◆ **DATA BLOCK**
····················
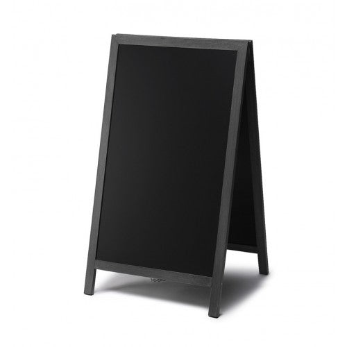 Edler Kundenstopper / Gehwegtafel aus Holz mit schwarz lackiertem, flachem Rahmen. Die Tafeloberfläche von 600 x 1010 mm ist beidseitig nutzbar im Innen- wie Außenbereich.
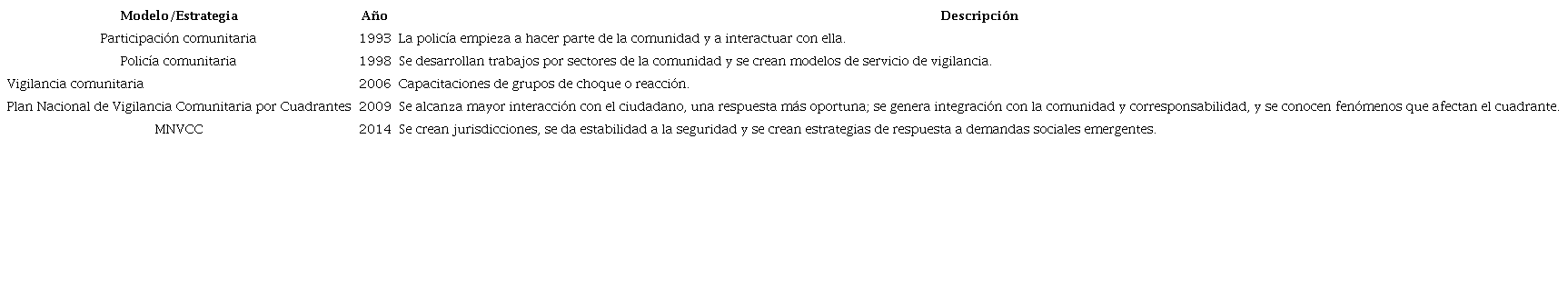 La historia del uso de cuadrantes o divisiones se remite al siglo XVIII, con estudios relacionales de zonas geográficas y tipos de delitos (Román, 2013). En este caso, los programas de seguridad ciudadana aplicados en Latinoamérica y el Caribe, principalmente en Colombia, cuentan con un recorrido institucional con reformas policiales que los hacen modelos a seguir en la región (Paez et al., 2018). En el año 1998, las principales ciudades de Colombia -como Bogotá, Cali, Barranquilla, Medellín, Cartagena, Cúcuta, Bucaramanga y Pereira- implementaron la seguridad por zonas a partir de una estrategia proveniente de España, específicamente de Barcelona, y que se denominó "Equipos de barrio". Posteriormente, la estrategia se extendió a más de 50 municipios (Ruiz, 2009). Este hecho es importante porque fue entonces cuando se estableció la seguridad por sectores, que más adelante pasarían a llamarse cuadrantes (Policía Nacional de Colombia, 2010). Una década más tarde, específicamente en el año 2009, el uso de cuadrantes fue diseñado y planeado en su totalidad en Bogotá por medio del Plan Nacional de Vigilancia Comunitaria por Cuadrantes (Ruiz & Páez, 2016). La estrategia fue el acercamiento a la comunidad y el control de la delincuencia mediante la restauración del carácter civilista de la policía, lo que permitió identificar actividades delictivas y violentas (Llorente et al., 2011; Román, 2013). Posteriormente, en el año 2014, se consolidó con el nombre de Modelo Nacional de Vigilancia Comunitaria por Cuadrantes (MNVCC) en todo el territorio colombiano (Policía Nacional de Colombia, 2014). La Tabla 1 muestra la evolución cronológica de los modelos de seguridad adoptados por la Policía Nacional.
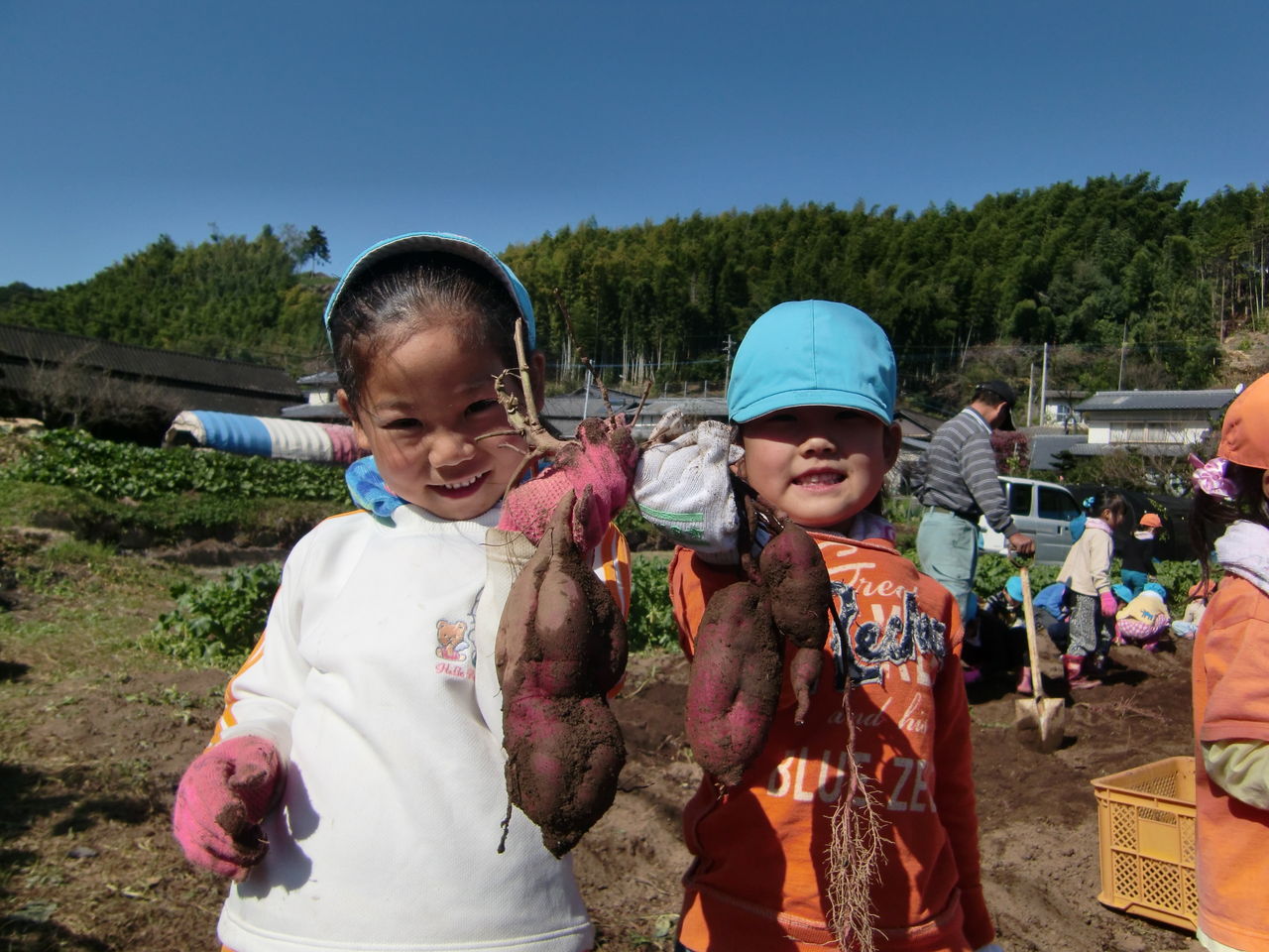 もも組・うめ組さんが収穫してきたお芋・大根を在園児みんなで
····················
◆ **TRY IT**
Output, word for word, the full listing above, with no pictures.

◆ **WRITTEN REPLY**
 Edler Kundenstopper / Gehwegtafel aus Holz mit schwarz lackiertem, flachem Rahmen. Die Tafeloberfläche von 600 x 1010 mm ist beidseitig nutzbar im Innen- wie Außenbereich.
 La historia del uso de cuadrantes o divisiones se remite al siglo XVIII, con estudios relacionales de zonas geográficas y tipos de delitos (Román, 2013). En este caso, los programas de seguridad ciudadana aplicados en Latinoamérica y el Caribe, principalmente en Colombia, cuentan con un recorrido institucional con reformas policiales que los hacen modelos a seguir en la región (Paez et al., 2018). En el año 1998, las principales ciudades de Colombia -como Bogotá, Cali, Barranquilla, Medellín, Cartagena, Cúcuta, Bucaramanga y Pereira- implementaron la seguridad por zonas a partir de una estrategia proveniente de España, específicamente de Barcelona, y que se denominó "Equipos de barrio". Posteriormente, la estrategia se extendió a más de 50 municipios (Ruiz, 2009). Este hecho es importante porque fue entonces cuando se estableció la seguridad por sectores, que más adelante pasarían a llamarse cuadrantes (Policía Nacional de Colombia, 2010). Una década más tarde, específicamente en el año 2009, el uso de cuadrantes fue diseñado y planeado en su totalidad en Bogotá por medio del Plan Nacional de Vigilancia Comunitaria por Cuadrantes (Ruiz & Páez, 2016). La estrategia fue el acercamiento a la comunidad y el control de la delincuencia mediante la restauración del carácter civilista de la policía, lo que permitió identificar actividades delictivas y violentas (Llorente et al., 2011; Román, 2013). Posteriormente, en el año 2014, se consolidó con el nombre de Modelo Nacional de Vigilancia Comunitaria por Cuadrantes (MNVCC) en todo el territorio colombiano (Policía Nacional de Colombia, 2014). La Tabla 1 muestra la evolución cronológica de los modelos de seguridad adoptados por la Policía Nacional.
 もも組・うめ組さんが収穫してきたお芋・大根を在園児みんなで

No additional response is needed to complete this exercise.